## Problem statement
Because the entries hold pictures, reproduce only their words, exactly as written.

┄┄┄┄┄┄┄┄┄┄

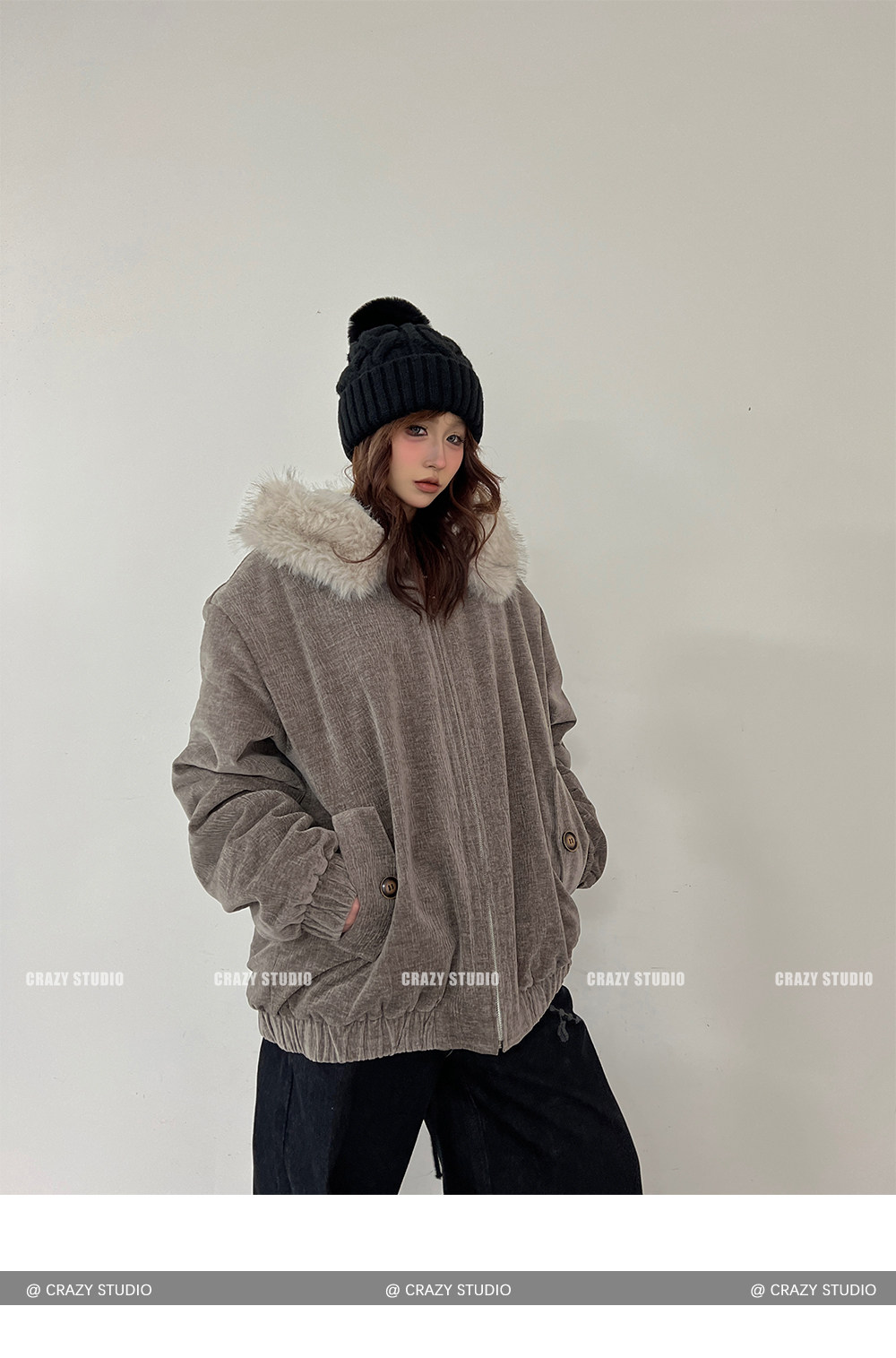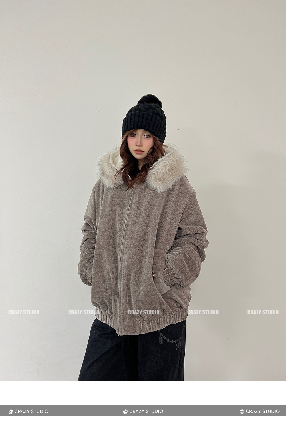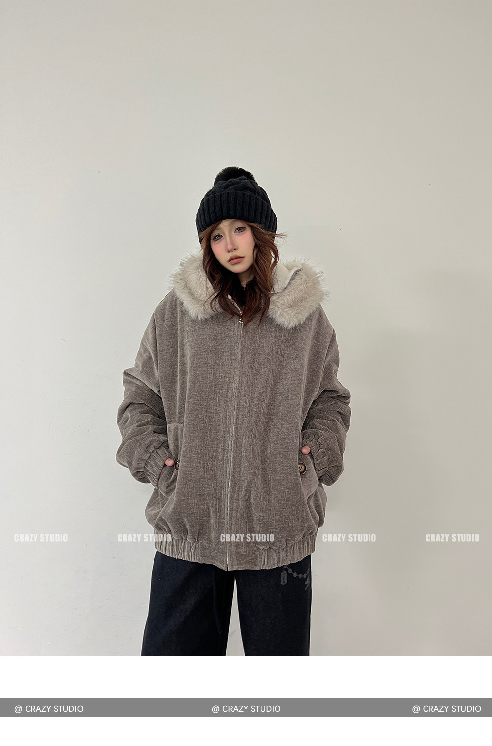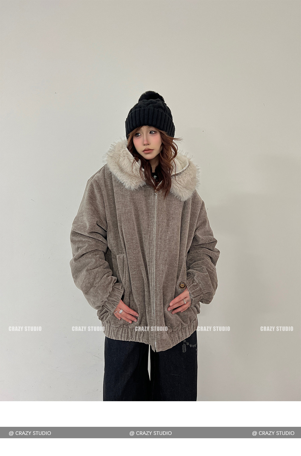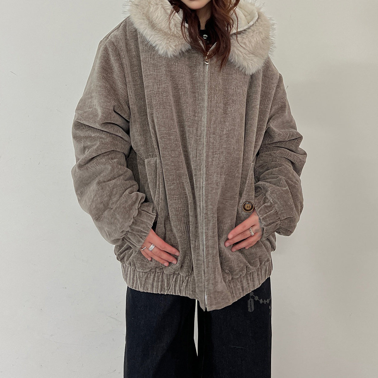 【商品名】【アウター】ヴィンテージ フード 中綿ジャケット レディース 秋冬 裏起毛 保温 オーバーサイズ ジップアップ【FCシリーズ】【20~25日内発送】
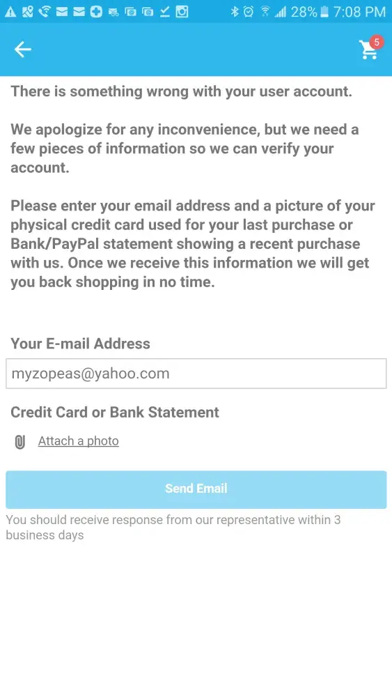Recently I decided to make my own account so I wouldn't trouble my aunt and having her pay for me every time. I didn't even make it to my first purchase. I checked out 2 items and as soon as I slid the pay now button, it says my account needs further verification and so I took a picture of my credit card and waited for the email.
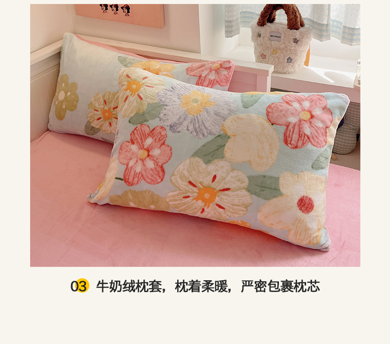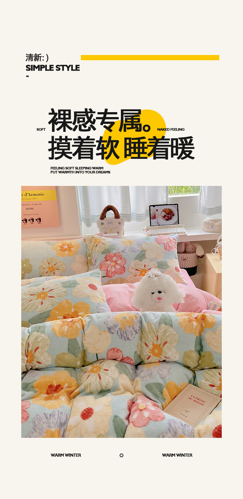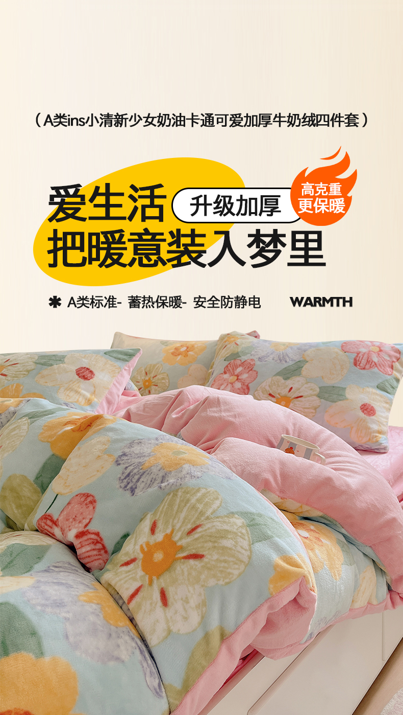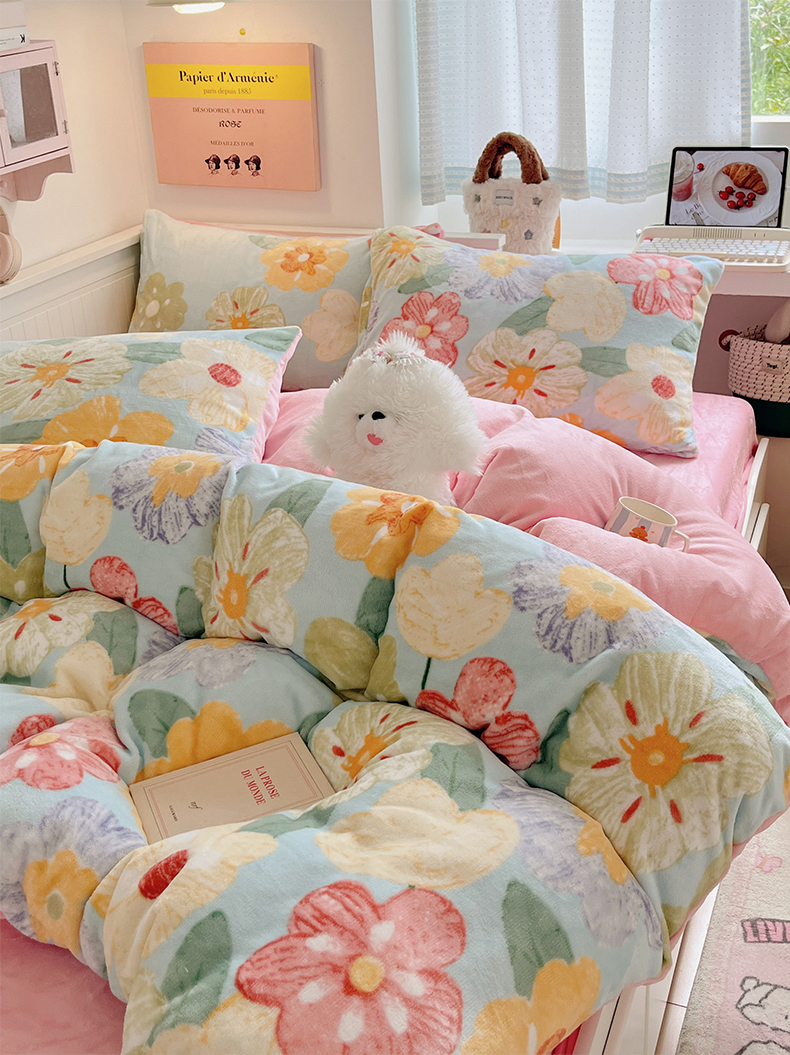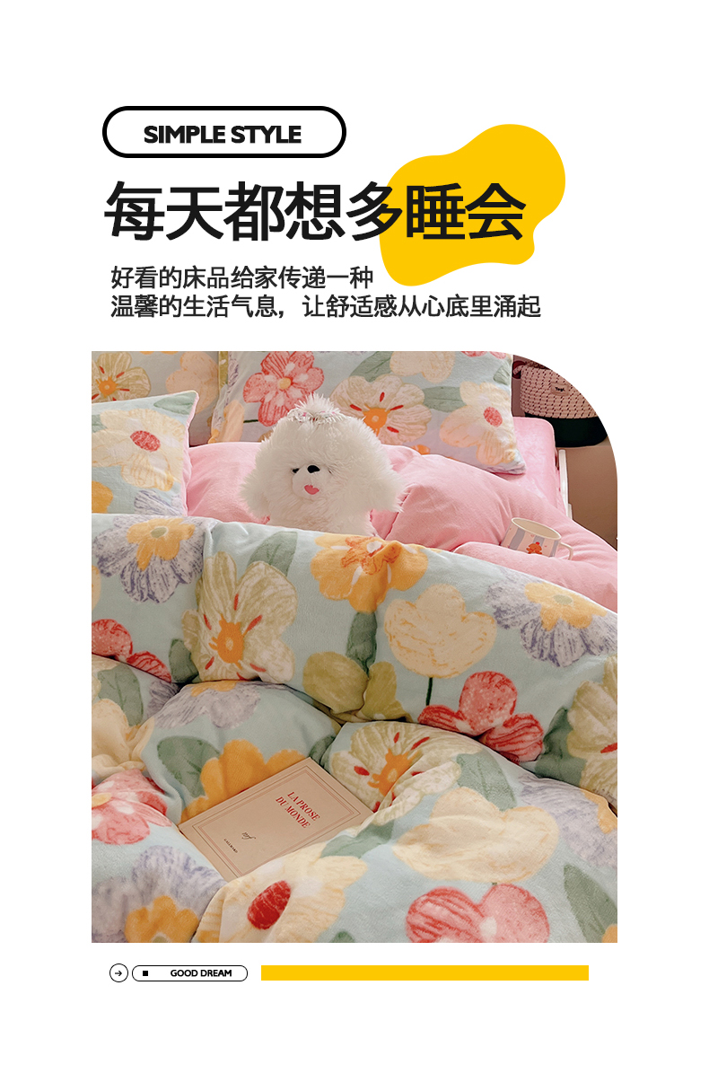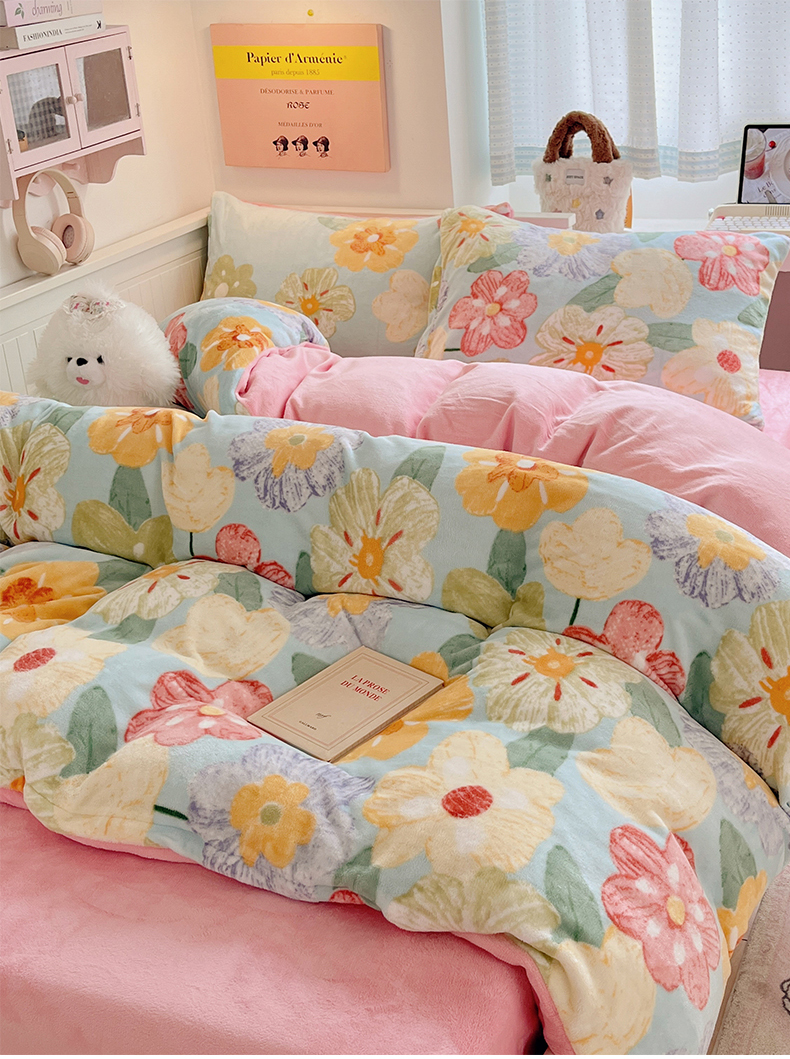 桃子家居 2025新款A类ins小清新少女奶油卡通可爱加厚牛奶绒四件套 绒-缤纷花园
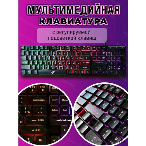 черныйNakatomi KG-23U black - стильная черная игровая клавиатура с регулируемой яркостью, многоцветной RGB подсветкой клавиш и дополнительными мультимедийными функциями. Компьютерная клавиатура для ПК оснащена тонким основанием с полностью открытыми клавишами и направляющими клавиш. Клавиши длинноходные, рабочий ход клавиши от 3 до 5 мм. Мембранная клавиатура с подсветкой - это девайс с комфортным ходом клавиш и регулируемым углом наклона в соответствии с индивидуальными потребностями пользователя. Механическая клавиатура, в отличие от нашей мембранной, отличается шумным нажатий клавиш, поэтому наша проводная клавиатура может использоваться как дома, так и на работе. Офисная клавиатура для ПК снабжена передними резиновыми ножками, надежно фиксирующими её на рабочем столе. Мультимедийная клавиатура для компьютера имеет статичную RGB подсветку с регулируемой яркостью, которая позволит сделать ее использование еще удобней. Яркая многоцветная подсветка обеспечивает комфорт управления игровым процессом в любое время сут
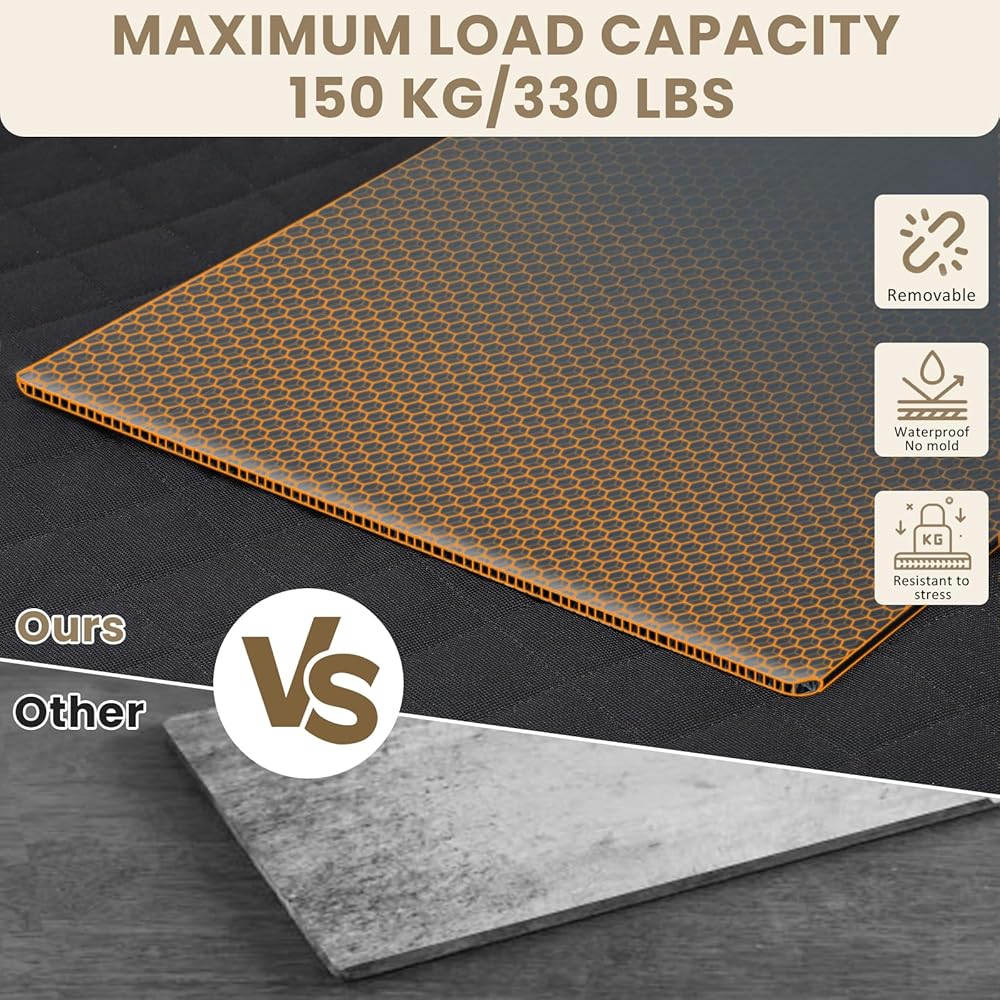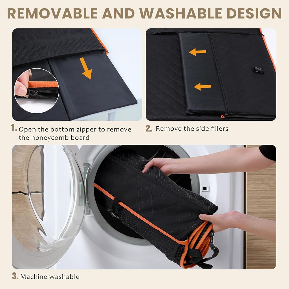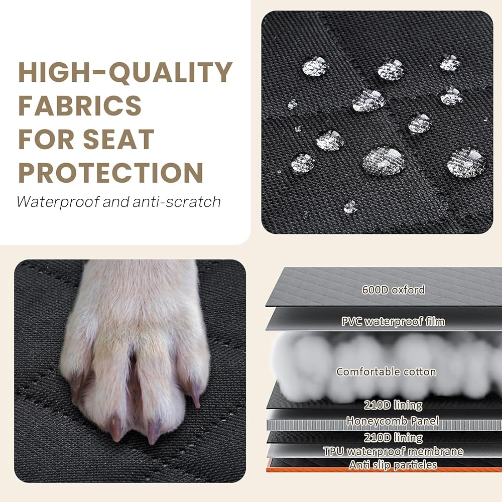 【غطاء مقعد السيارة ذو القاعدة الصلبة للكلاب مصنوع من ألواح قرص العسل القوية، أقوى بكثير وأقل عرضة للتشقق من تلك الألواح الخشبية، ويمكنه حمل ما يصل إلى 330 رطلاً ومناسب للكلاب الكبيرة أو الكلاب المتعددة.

┄┄┄┄┄┄┄┄┄┄

## Solution to this exercise
 【商品名】【アウター】ヴィンテージ フード 中綿ジャケット レディース 秋冬 裏起毛 保温 オーバーサイズ ジップアップ【FCシリーズ】【20~25日内発送】
Recently I decided to make my own account so I wouldn't trouble my aunt and having her pay for me every time. I didn't even make it to my first purchase. I checked out 2 items and as soon as I slid the pay now button, it says my account needs further verification and so I took a picture of my credit card and waited for the email.
 桃子家居 2025新款A类ins小清新少女奶油卡通可爱加厚牛奶绒四件套 绒-缤纷花园
 черныйNakatomi KG-23U black - стильная черная игровая клавиатура с регулируемой яркостью, многоцветной RGB подсветкой клавиш и дополнительными мультимедийными функциями. Компьютерная клавиатура для ПК оснащена тонким основанием с полностью открытыми клавишами и направляющими клавиш. Клавиши длинноходные, рабочий ход клавиши от 3 до 5 мм. Мембранная клавиатура с подсветкой - это девайс с комфортным ходом клавиш и регулируемым углом наклона в соответствии с индивидуальными потребностями пользователя. Механическая клавиатура, в отличие от нашей мембранной, отличается шумным нажатий клавиш, поэтому наша проводная клавиатура может использоваться как дома, так и на работе. Офисная клавиатура для ПК снабжена передними резиновыми ножками, надежно фиксирующими её на рабочем столе. Мультимедийная клавиатура для компьютера имеет статичную RGB подсветку с регулируемой яркостью, которая позволит сделать ее использование еще удобней. Яркая многоцветная подсветка обеспечивает комфорт управления игровым процессом в любое время сут
 【غطاء مقعد السيارة ذو القاعدة الصلبة للكلاب مصنوع من ألواح قرص العسل القوية، أقوى بكثير وأقل عرضة للتشقق من تلك الألواح الخشبية، ويمكنه حمل ما يصل إلى 330 رطلاً ومناسب للكلاب الكبيرة أو الكلاب المتعددة.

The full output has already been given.